As implicações nas rotinas de passageiros mais regulares têm sido muitas, e aqueles que viajam de modo menos frequente também se vêem a braços com mudanças nos percursos e paragens habituais. A comunicação da Carris nem sempre é a mais eficiente, com a publicação no seu site de mapas pouco apelativos e de difícil análise e de descrições exaustivas das alterações que exigem um tempo considerável de leitura. E a informação nas paragens também nem sempre é a mais clara. “Às vezes colocam um aviso que é por texto corrido, uma folha. Uma pessoa mais idosa, ou um turista… ou o meu pai e a minha mãe, que até conhecem a zona mas que olham para aquilo e não percebem.”
Veja-se um exemplo: à esquerda, como a Carris comunicou as alterações de serviço na Rua da Prata, devido à necessidade urgente de reparar o colector de drenagem; à direita, um mapa desenhado por Diogo e publicado no portal Autocarros de Lisboa.

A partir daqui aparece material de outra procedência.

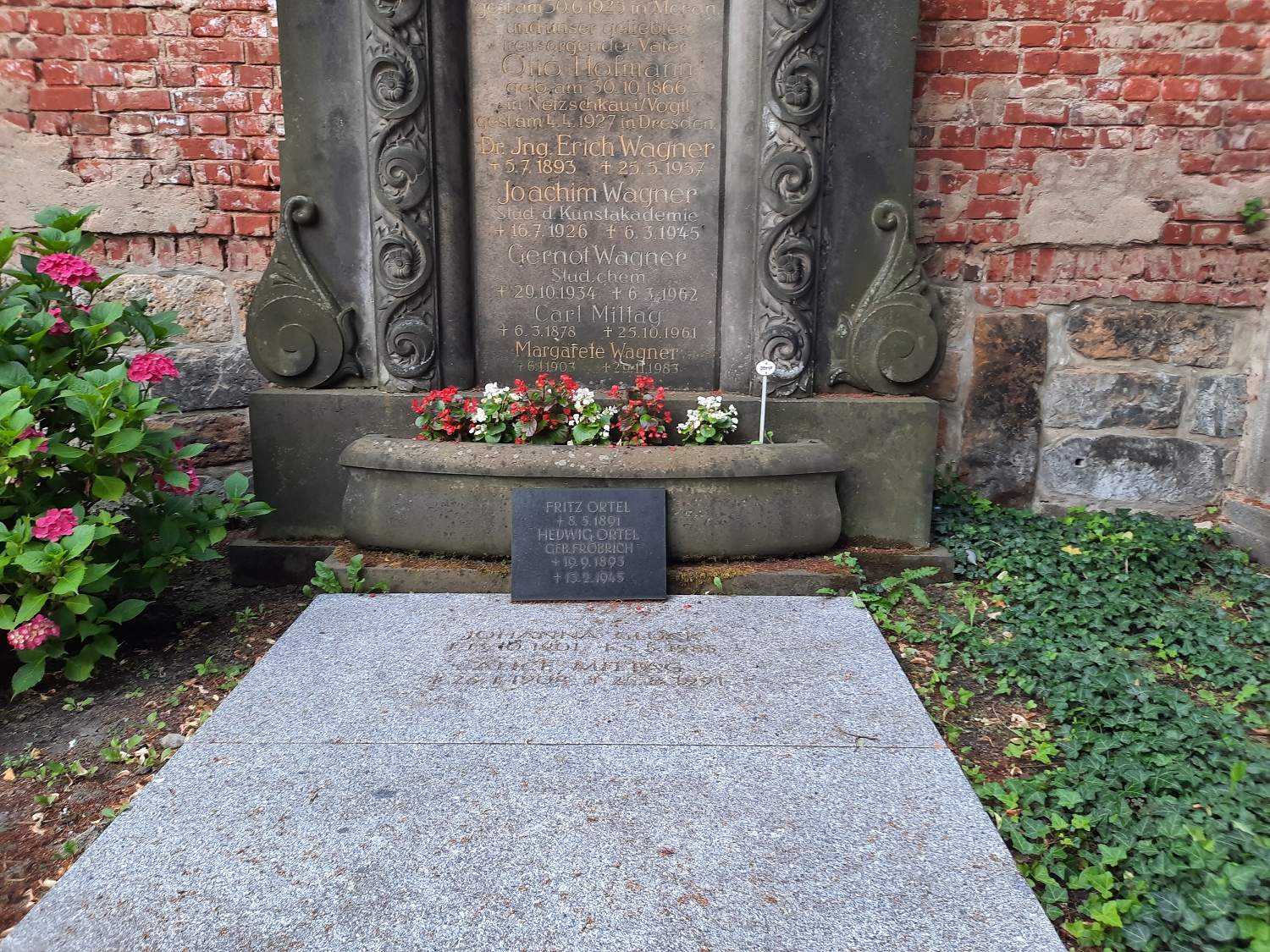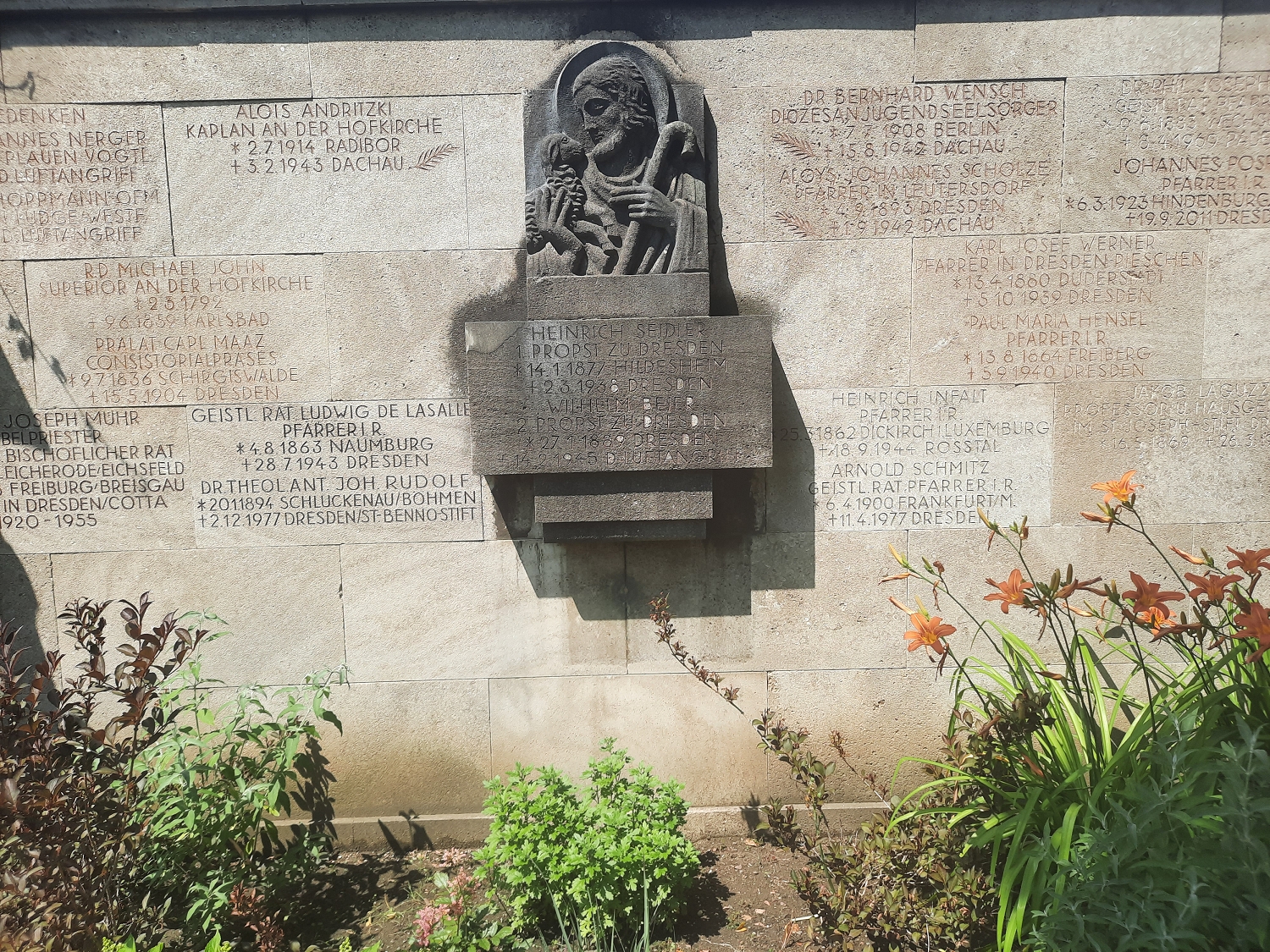Eine Grabstätte, die viel Aufmerksamkeit auf sich zieht, ist die Priestergruft. Namentlich an den Steinen erwähnt werden vier Kriegsopfer. Ein Pfarrer starb während der Luftangriffe vom 13./14. Februar auf Dresden, während Alois Andritzki, Bernhard Wensch und Alois Scholze im Konzentrationslager Dachau ermordet wurden. Sie alle hatten sich offen gegen den Nationalsozialismus ausgesprochen und wurden infolgedessen im sog. „Priesterblock“ im Konzentrationslager Dachau inhaftiert. Aufgrund der schlechten hygienischen Bedingungen und der mangelhaften Ernährungslage herrschte eine Typhusepidemie. Auch die Priester erkrankten und verstarben am Ende. Ein Mithäftling von Alois Andritzki sagte außerdem aus, dass Andritzki mit einer Giftspritze getötet worden sein soll, was allerdings nicht zu überprüfen ist.

“Ando muito no terreno e aproveito isso para criar uma notícia mais clara, dentro do possível. Já aconteceu nem eu próprio perceber a informação que a Carris publica e ficar às aranhas”, conta. O jovem estudante de marketing prefere, sempre que possível, ir ao local perceber bem as alterações antes de as publicar no portal e página de Facebook. “Prefiro comunicar uma determinada alteração de serviço um pouco mais em cima da hora mas correctamente, do que estar a fazer uma coisa em cima do joelho sem pés na cabeça.”
O objectivo de Diogo é tentar fazer “algo que seja mais intuitivo para o passageiro, para o seguidor, para quem for que precise de uma informação clara”. Mas isso, aponta, “deveria partir sempre da empresa e não de mim”. “Tenho motoristas a enviarem mensagens privadas a dizer que a minha comunicação é tão melhor do que a Carris. Dizem-me, inclusive, que receberam ordens de serviço [folhas de comunicação interna das alterações de percursos] que só perceberam depois de irem à minha página consultar as informações e mapas que lá publico.”
Este posicionamento do Autocarros de Lisboa enquanto veículo de informação é recente. Foi só em Novembro de 2022 que aquilo que era uma página de Facebook ganhou um site, que tem vindo a ser desenvolvido aos poucos e poucos – Diogo está a dedicar o seu tempo livre ao projecto; e, entre as aulas que tinha e o estágio que agora está a fazer na área da comunicação, esse tempo escasseia. Por outro lado, Diogo só passou a administrar a página de Facebook em 2017 quando o anterior coordenador deixou de ter tanta disponibilidade. Nessa altura, os Autocarros de Lisboa eram apenas uma comunidade online de entusiastas da Carris, onde se partilhavam fotografias e curiosidades sobre os autocarros da cidade.
“A transição para um portal mais informativo foi gradual. Comecei a ver que as informações que eu partilhava sobre novidades e alterações de serviço começaram a ter uma adesão boa. E vi aí uma oportunidade. Tudo começou com mapas simples, que não eram os mais apropriados porque, na altura, ainda estava a aprender a mexer em programas como o Illustrator”, conta o jovem de 21 anos.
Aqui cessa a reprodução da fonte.